Angst: zijn mitochondriën erbij betrokken?

Een nieuwe studie suggereert dat verstoringen in het energiemetabolisme bijdragen aan stressgerelateerde angst.

Wat verbindt angst en mitochondriën?

Angststoornissen is de overkoepelende term voor verschillende aandoeningen die zich manifesteren met symptomen zoals gevoelens van zorgen, angst en paniek.
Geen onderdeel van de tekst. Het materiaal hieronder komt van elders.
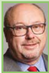
Grahame Morris MP Labour

“ What other area of science still relies on the flawed methods of 50 years ago? We must move safety testing into the 21st century – for all our sakes ”
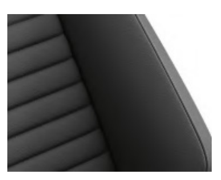
"Vienna" leather (WL1) Titan Black/Blue (TO) Optional on Business models

Note 1: Some parts of leather interior trim will contain artificial leather. Note 2: The print processes do not allow exact reproduction of the upholstery & insert colours.
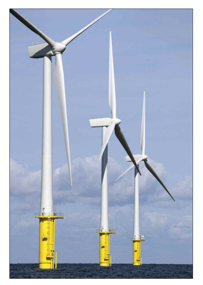
Offshore wind turbines take advantage of predictable winds to produce carbon-free energy; potential sites are often close to electricity-hungry population centers.

energy but without strong storms that pose a threat to the installation." Second, offshore turbine foundations must be on relatively shallow coastal shelves; the deepest installed turbine is currently rated for 50 meters (164 feet) in depth. Finally, the site must be able to accommodate the whirling blades of enough turbines to be
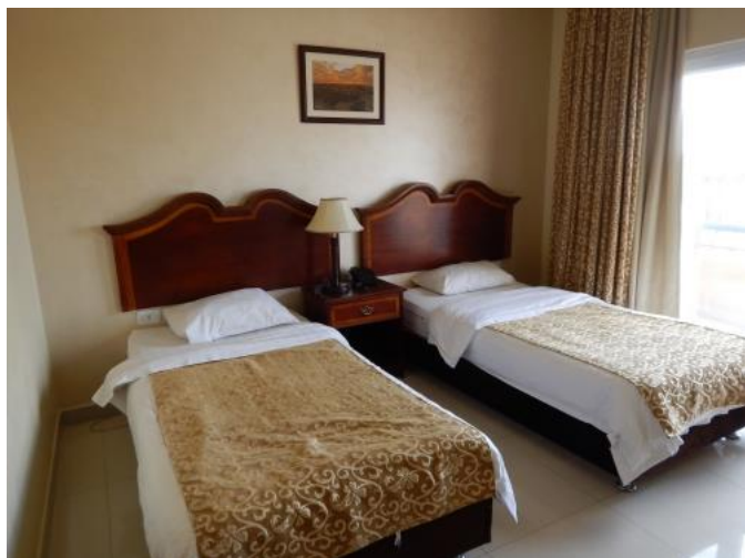
A typical bedroom at the Mosaic City Hotel

This comfortable 3 star hotel in the centre of Madaba is about 30 minutes from Amman airport.
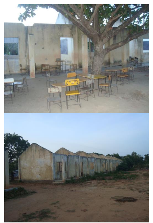
Veenavil Govt Tamil Mixed School

When he met the Director of Education, Mullaithivu, he made a request to repair/renovate a primary school building, which has no roof. The school is Veenavil Govt Tamil Mixed School. In this school, there is only one temporary building and in my opinion, it desperately needs someone's assistance. Chairman agreed in principle and asked for an estimate of the cost. We will decide based on the costs estimate. However, we recommend that we help this school.
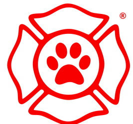
ANIMAL EVAC.NZ KARAREHE WHAKAWATEA
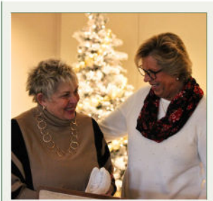
Norwalk Celebrity Breakfast

Make a donation today: www.ccfairfield.org/donate Or scan the QR code with your smartphone
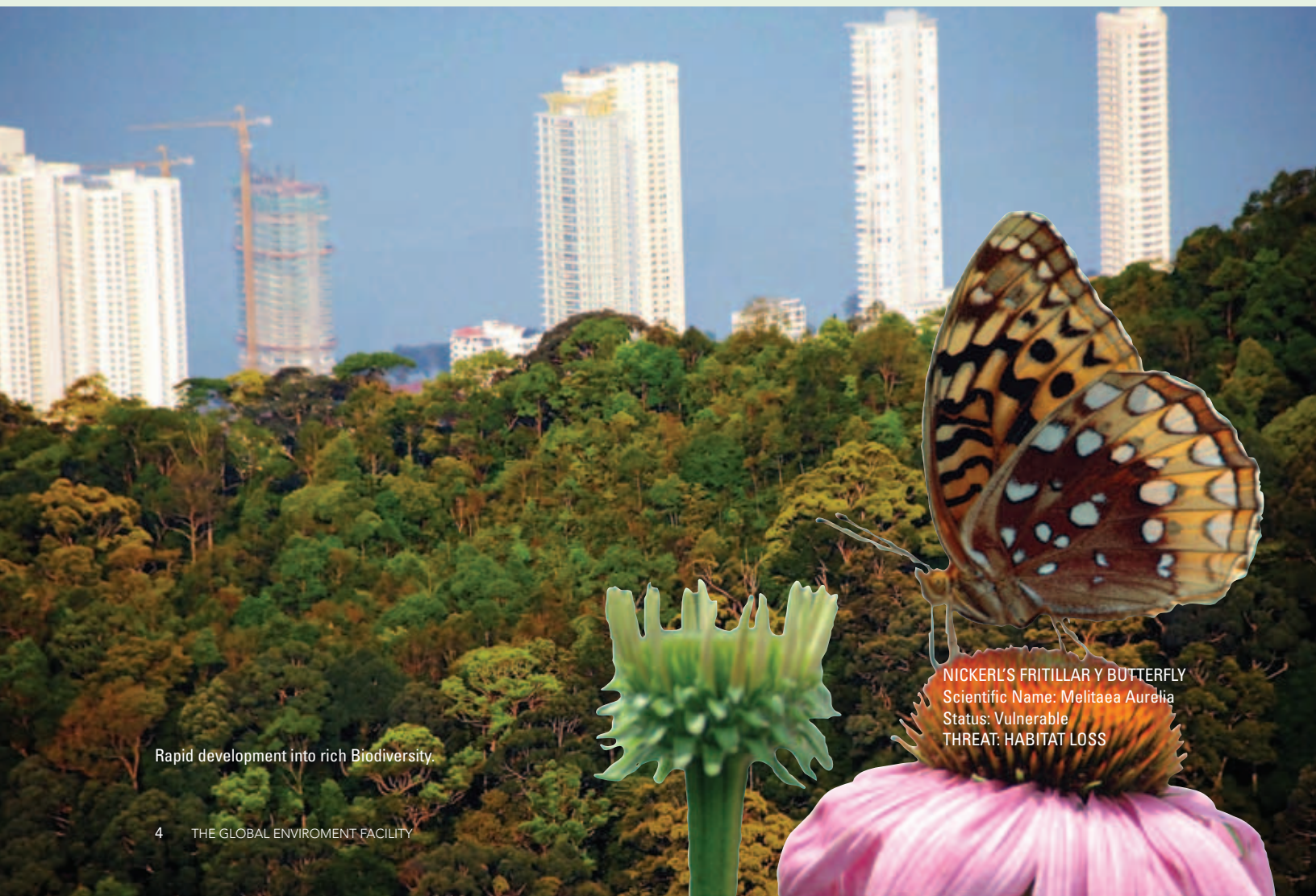
NICKERL'S FRITILLARY BUTTERFLY Scientific Name: Melitaea Aurelia Status: Vulnerable THREAT: HABITAT LOSS

Rapid development into rich Biodiversity.

In de Verenigde Staten leeft 18,1% van de bevolking met een angststoornis. Deze aandoeningen omvatten algemene angststoornis, paniekstoornis, sociale angststoornis en selectief mutisme.

Stress, vooral tijdens de kinderjaren, is een risicofactor voor het ontwikkelen van een angststoornis. Andere risicofactoren zijn onder meer vrouw zijn en een familielid hebben met angststoornissen of depressieve stoornissen.

Hoewel experts deze risicofactoren kunnen identificeren, is het niet echt duidelijk waardoor sommige mensen vatbaarder zijn voor de aandoening dan anderen.

"De onderliggende redenen voor deze verschillen zijn nog niet volledig begrepen, maar omvatten een interactie van complexe genetische en omgevingsfactoren die van persoon tot persoon verschillen, resulterend in gevoeligheid voor stress of veerkracht", legt Iiris Hovatta uit, een professor bij de afdeling Psychologie en Logopedie aan de Universiteit van Helsinki in Finland.

Samen met een team van internationale medewerkers heeft Hovatta onderzocht welke biologische routes stressgerelateerde angst in muismodellen en mensen ondersteunen.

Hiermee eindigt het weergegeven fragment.